I guess what would make me feel better about your question, Awkward With Women, is if you’d written to say “I work for this advocacy organzation, and I met this really cool woman and we’re always hanging out together late after the meetings and running into each other at fundraisers and stuff, and I want to ask her out but I don’t want to overstep some unwritten work/friendship boundaries, what do I do?” In that case I could help you. I’d say scan the local paper or free weekly for something cool and inexpensive to do that you think she’d like (because you’ve spent time together and have some idea of what she likes and where it matches up with stuff you also like), and then use a mad lib like “Hey, I plan to go to (music festival)(reading)(opening)(lecture)(art exhibit)(play)(try this new restaurant)(beer tasting) on (day/time)(next weekend)(later this month), would you like to join me?”
If she says “Are you asking me on a date?” the answer is “Yeah, is that cool?” Don’t try to deny that it’s a date, because THAT’S how you end up in creepytown where you’re all full of shame and lust but you said it wasn’t a date so now you are a weirdo if you try to stealthily turn it into a secret date – secret from her, that is until you hug her and she feels your pulsating boner against her thigh – after the fact.

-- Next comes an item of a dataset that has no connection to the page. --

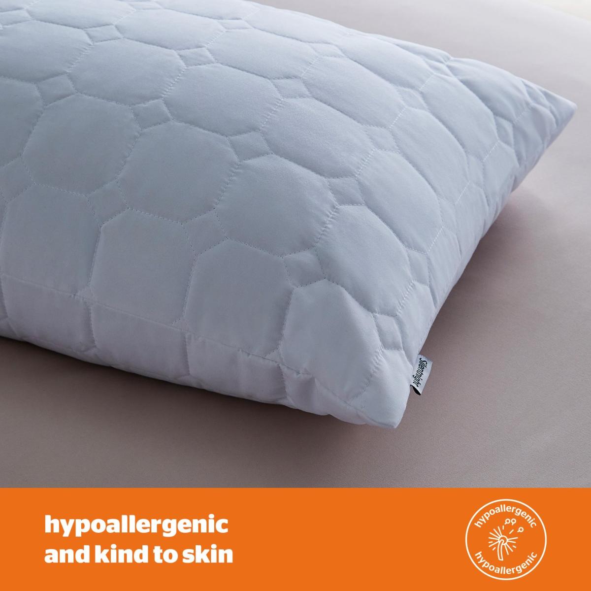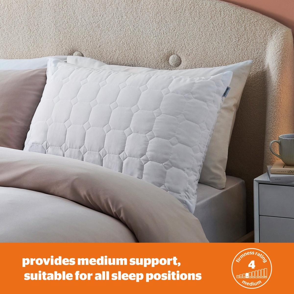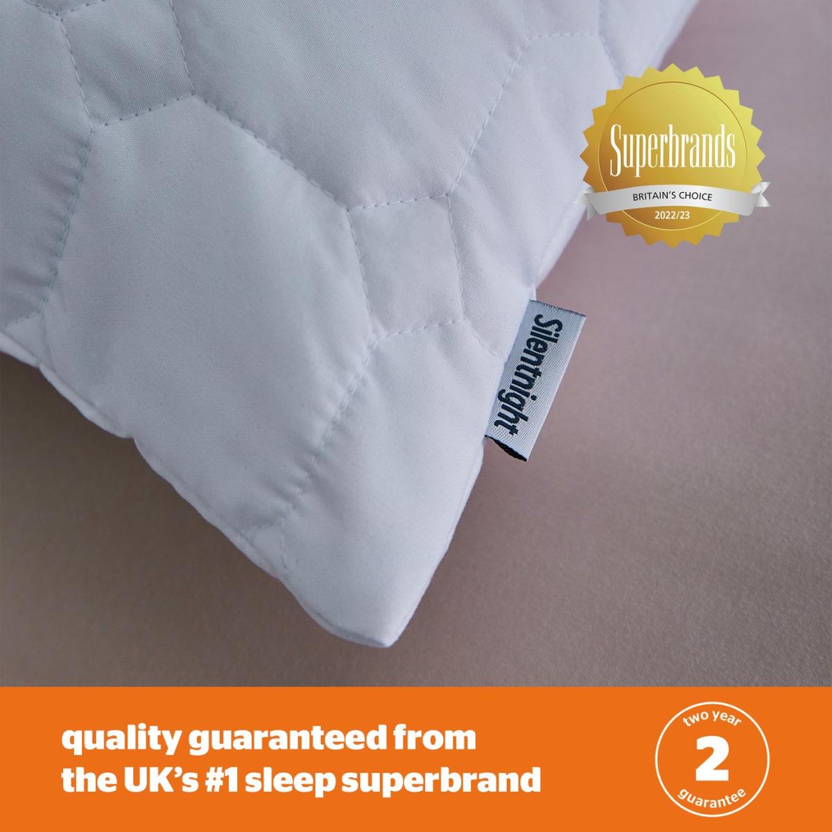 Soft quilted cover, filled with snuggly fibres for the ultimate cosy night's sleep. Both the pillow and the quilted cover are generously filled with bouncy fibres to provide ultimate bedtime snuggles whilst being suitable for all sleeping positions. The Silentnight Quilted Snuggle Pillow is made in the UK and comes with a 2 year manufacturer's guarantee. The pillow is hypoallergenic and machine washable so you can keep your pillow feeling fresh and hygienic for longer. Both the pillow and the quilted cover are generously filled with bouncy fibres to provide ultimate bedtime snuggles for the cosiest of sleeps. Pack quantity: 1. Cover made from 100% polyester. Filling made from 100% polyester. Soft pillow. Suitable for front sleepers. Size L76, W48cm. 0.7kg. Machine washable at 40 C. Suitable for tumble drying. Manufacturer's 2 year guarantee.

She’ll either say yes (in which case firm up plans) or no, in which case say “Ok, just thought I’d ask” and then go back to normal interactions. If it ever gets brought up again she will be the one to bring it up.
This is a good time to actually expand on the concept of reciprocity, ie, the interactions involve a give and take with each person putting forth the same amount of effort. An example of reciprocity is you asking the woman you like to an event, and she says she can’t make it, but she lights up with a huge smile and suggests an alternate event you might go to another time. You have to trust that if someone is interested in you, or open to the idea of dating you, that she will make some effort to show her interest even if your first suggestion is not the right one. It’s easier to achieve reciprocity if you keep it light and don’t get too invested in the outcome. If she doesn’t show interest (huge smile, agreeing, making an alternate suggestion, saying “I’m busy this week, but can you ask me again later in the month?”, etc.), let it go. She’s either not interested, or too high-maintenance and hung up on old ideas about how men are supposed to “chase” women for you to want to get with her.
If the person you are interested in is also a geek it might take a few false starts to get there. For example, I am also terrible at flirting or noticing when someone is flirting with me, so someone I like might ask me out and it might take three days for it to dawn on me what just happened. During those three days you might feel really bummed out and embarrassed and wonder why I hate you, but on the 4th day if I was feeling it I’d probably call you and say “The other day when you asked me out? That was nice, and I’m sorry I behaved like such a dork. Can we try that again?”
None of this advice is really germane unless you have a specific person you’d like to go on a date with. I feel like you’re writing to me for some kind of blanket permission to mack on the women you work with and some kind of system to guarantee that it won’t go awry when they all find out about each other. That I can’t help you with. Of course you can and should ask out people that you want to go on dates with and have a ton in common with and who are part of your social circle. If there is someone you find yourself thinking about after you leave a meeting and hoping that you’ll run into at the next meeting, go for it! Slowly! And one at a time! You’re not stupid paranoid to worry about your reputation because people talk to each other, and will quickly figure it out if you ask out one woman after another after another. It gets back to the whole “women aren’t interchangeable” thing we started with.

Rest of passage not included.